MP links Big Four secondees with liability law

Seconded accountants from the Big Four may have influenced the ‘protective
arrangements’ limiting the liabilities of top accountancy firms, according to a
senior Labour MP.

The allegation emerged after financial secretary to the Treasury John Healey
revealed that Deloitte, Ernst & Young, KPMG and
PricewaterhouseCoopers collected £859,000 between them last year in fees from
the Treasury itself, including £571,000 in ‘various secondments’.

Replying to a formal Commons question from Newcastle Central Labour MP Jim
Cousins, Healey said if the Office of Government Commerce was included the
figures rose to £1.5m and £731,000 respectively.

Cousins, a veteran of the Commons Treasury Committee, said he would table
further questions to other departments in an attempt to discover the extent of
government exposure to the largest firms ahead of consideration by the House of
Commons of the Company Law Reform Bill, currently being debated by a Lords

He said: ‘I am concerned about the increasing dependence of the government
for policy, planning and project management advice from the Big Four and the
costs involved.
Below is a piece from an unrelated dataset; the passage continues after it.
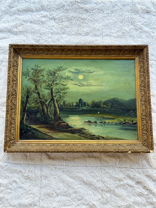 Moonlit American River Landscape – Hudson River School & Tonalist Influence (c.1880–1900)

What is demonstrated here is the very broad range of their
involvement in such advice, extending interestingly to a very wide range of
secondments in government service.’

He said he was ‘also concerned about the policy implications of this
dependency, and about the crossover between the protective proposals in the
Company Law Reform Bill and the government’s dependence on the services of the
Big Four’.

He said he was worried ‘that the protective proposals for the mega-firms may
have been inspired by this dependence’.

Cousins, a longstanding critic of the accountancy profession, said that if
such wide use had to be made of outside advice, the Treasury should obtain it
from a wider range of sources, adding that he was ‘confident that many small and
middle-sized firms’ development would benefit from business as much as their
income from which they have been effectively excluded’.
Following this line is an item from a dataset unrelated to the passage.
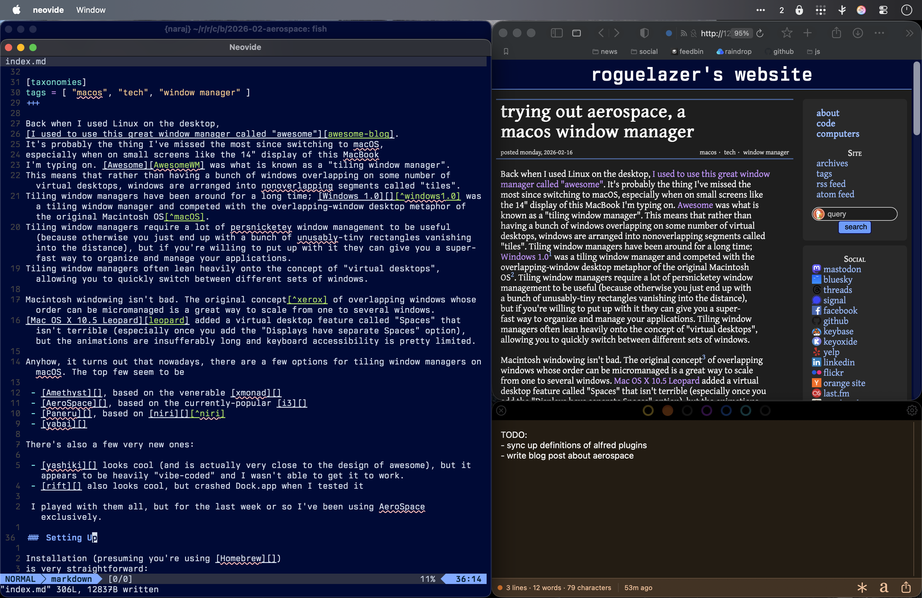 trying out aerospace, a macos window manager

He warned that interest is being taken in what had previously been considered
technical legislation because of the issues involved. He was concerned the
proposals to limit audit liability would entrench the position of the Big Four,
while he wanted to ensure other firms had the chance to grow.

Cousins’ action emerged as the Tories prepared to mount an effective
challenge in the Lords to sections of the bill imposing new duties on directors.